Пытаюсь сосредоточиться на тишине, чтобы заснуть, но у меня не получается. Постоянно кажется, что вот-вот что-то произойдет. Что это галантный жест, очередная провокация и зря я вообще решила согласиться. Но время проходит, а вокруг ничего не меняется.
Марк, кажется, уже спит. И только я ворочаюсь с боку на бок, пытаясь отпустить эту ситуацию и хоть немного расслабиться.
– Ты перестанешь уже ерзать?!
Резко замираю и вдавливаюсь затылком в подушку.
– Теперь я очень разделяю твою идею поспать где-то в другом месте.
Валиев снова подает голос, и потолок в этот момент подсвечивается от экрана телефона.
– Кровать неудобная, – поджимаю губы и даже зажмуриваюсь.
– У тебя всегда есть возможность поспать на полу, в кресле или на улице.
– Обойдусь, – бормочу еле слышно и снова переворачиваюсь на другой бок. – Спи уже.
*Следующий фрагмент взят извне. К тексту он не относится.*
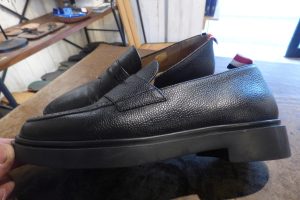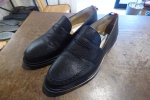 THOM BROWNE(トムブラウン)をお持ちくださいました。 一体型ソールのセメンテッド製法で軽量感があるトムブラウンです。 修理ではなく、靴のサイズ感の緩さでお悩みでした。
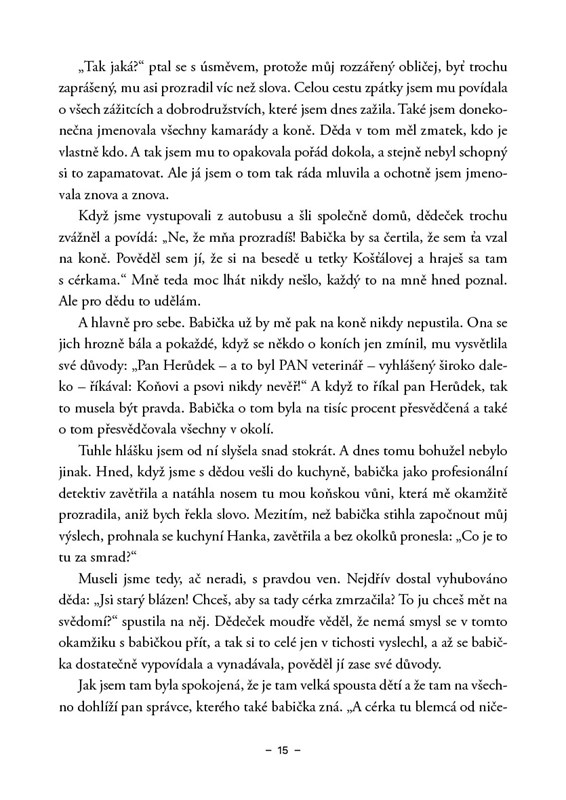 Když pochopila, že si děda střílí z ní, vylezla. Jeho další moudra o tom, že cest, po kterých se člověk může v životě vydat, je nepočítaně a že za svá přání a touhy se vyplatí bojovat, si však vzala k srdci.
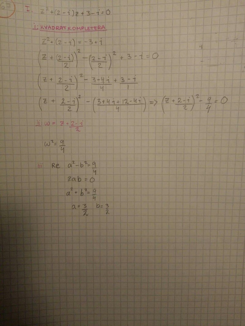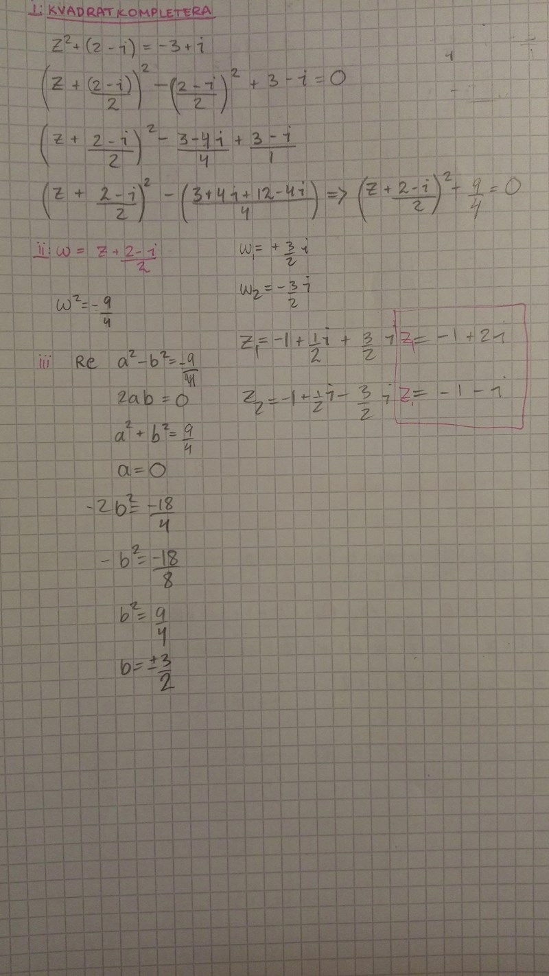 z2+(2-i)z+3-i=0 (Döper den till I)
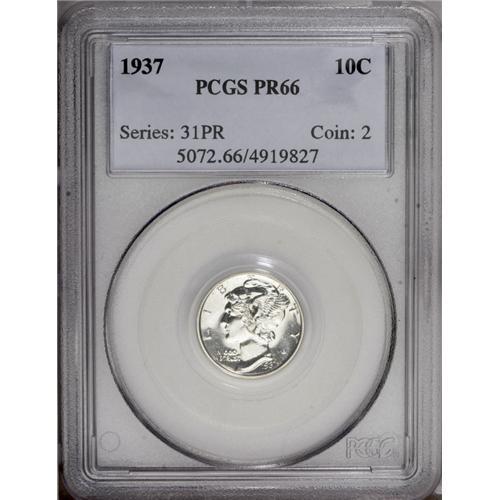 <B>1937<10C> PR66 PCGS.</B></I> This pretty specimen exhibits razor-sharp striking details and untoned surfaces that reveal unusually profound reflectivity in the fields, especially on the reverse. A virtually perfect proof Mercury dime.
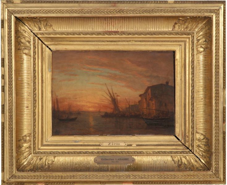 Au soleil couchant, vue d’un port sans caractéristique précise (architectures méditerranéennes). Des bateaux sont accostés, d’autres arrivent. Les voiles sont pliées ou en train de l’être.
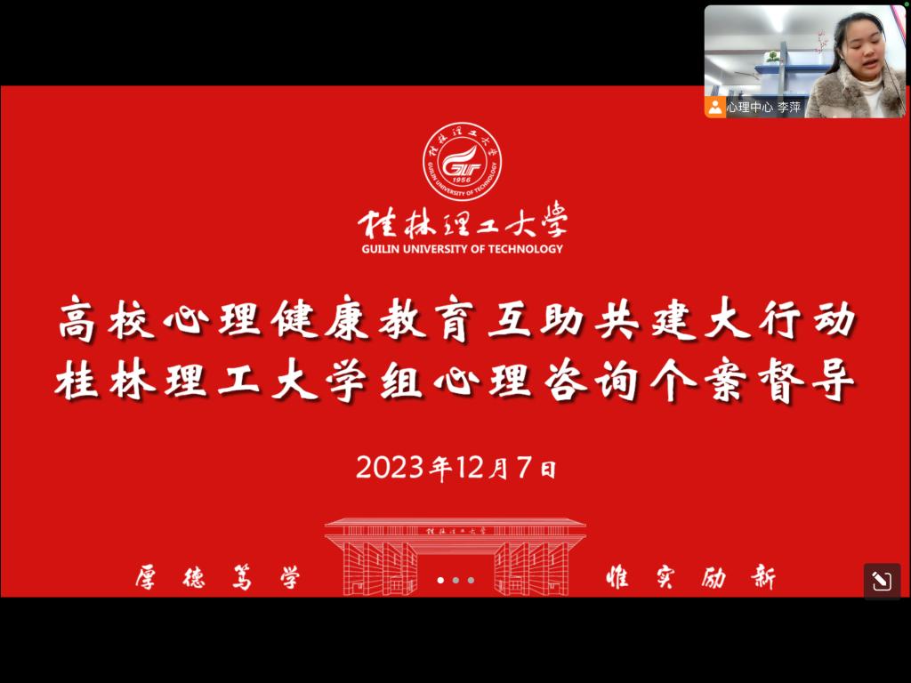 12月7日晚上,中国社会心理学会理事,中国心理学会临床心理注册系统注册督导师、注册心理师,中国心理卫生协会首批注册心理咨询师,博士,博士后,江西师范大学心理学院教授,临床与健康心理学方向博士后合作导师和博士生导师,学生发展与教育方向博士生导师,运动人体科学方向博士生导师,临床与健康心理学方向、临床与咨询心理方向硕士生导师,江西省井冈学者,美国加州大学欧文分校心理系访学学者,教育部学位与研究生教育发展中心专家叶宝娟教授应太阳集团2138心理中心邀请,开展了2023年秋季学期第二期心理咨询个案督导,广西高校“心理健康教育互助共建大行动”太阳集团2138工作组多名专兼职心理咨询师以线上的形式参加了活动。

Вообще, если такой чувствительный на звуки, купи беруши.
Марк оставляет мою реплику без ответа и, судя по тому, что потолок все еще слегка подсвечивается, продолжает залипать в смартфон.
Я же подтягиваю колени к груди и невольно начинаю думать о той блондинке, с которой он уехал из клуба. Какова вероятность, что он сейчас может переписываться с ней? Ну или с какой-то другой?
Стоп!
С каких пор это меня вообще волнует?
Облизываю губы и, просунув руку под подушку, закрываю глаза.
А утром на меня сразу сваливается понимание, что этот день будоражит хлеще прошедшей ночи.